We believe that legalizing assisted suicide is bad public policy and should be rejected by every State legislature.
Legalizing assisted suicide enables one citizen to be directly and intentionally involved with causing the suicide death of another citizen. America must not allow its citizens to be involved with causing the death of other Americans. We understand that the most tragic cases will dominate the public discussion, but the issues must be considered based on how it will affect society as a whole.
Assisted suicide is not a socially acceptable response to terminal or incurable illness or chronic conditions. Legalizing assisted suicide may result in some people feeling pressured and thereby considering themselves or their loved ones as ‘better-off-dead’. Some people will feel obliged to justify why they want to continue medical treatment. For many, including attending physicians, assisted suicide would become the unspoken, but ever present, question resulting in a subtle, negative change to the doctor-patient relationship. Will this result in a “duty to die”?
The government must not place the lives of citizens at risk. Legislators need to apply the precautionary principle: the higher the risk – the higher the burden of proof on those proposing legislation. The risk of abuse cannot be eliminated.
Assisted suicide poses a threat to the equality of persons. The lives of some in our community will be considered — “not worth living”. Among those at greatest risk are the elderly, the lonely, those living with disabilities, those experiencing chronic illness and those with limited access to good medical care. Laws that prohibit assisted suicide protect every Americans equally.
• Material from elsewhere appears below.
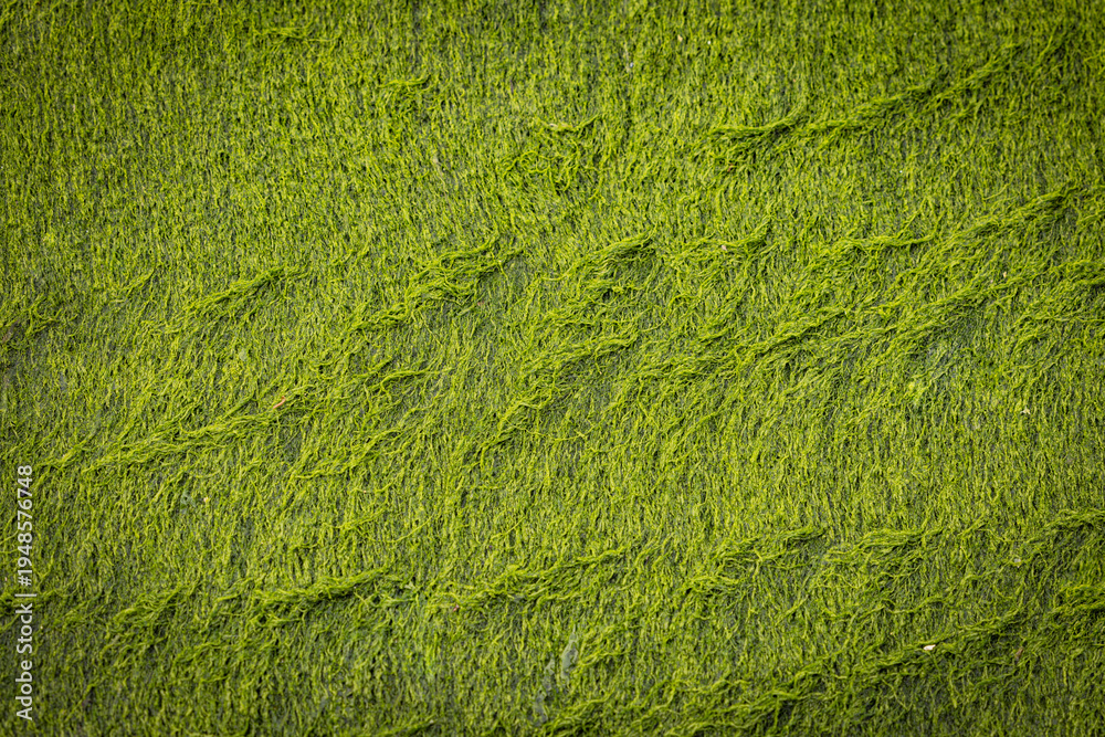 Gros plan sur des algues vertes poussant sur un rocher, pouvant servir d'arrière-plan et de texture #1948576748

Older people are not a problem to be rid of — they’re a generation to be honored and cared for. Elder Abuse has become a significant problem in America. We cannot ignore the possibility that dependent elderly people may be coerced into assisted suicide. We cannot put older Americans at risk by creating new paths to elder abuse.
Legalizing assisted suicide is a recipe for abuse. So-called ‘safeguards’ are an illusion because they are unable to prevent the potential for coercion and abuse.
Every American should have access to quality pain control — no matter where they live. Pain control and palliative medicine should be given a higher priority in medical training so that every American can benefit.
Being involved in one’s health care plan and making informed choices are vitally important to a patient’s sense of well-being. Assisted suicide would weaken the autonomy of patients, reducing their choices about their care and symptom management. Assisted suicide could be increasingly adopted as the easier option to the exclusion of genuine patient centered care.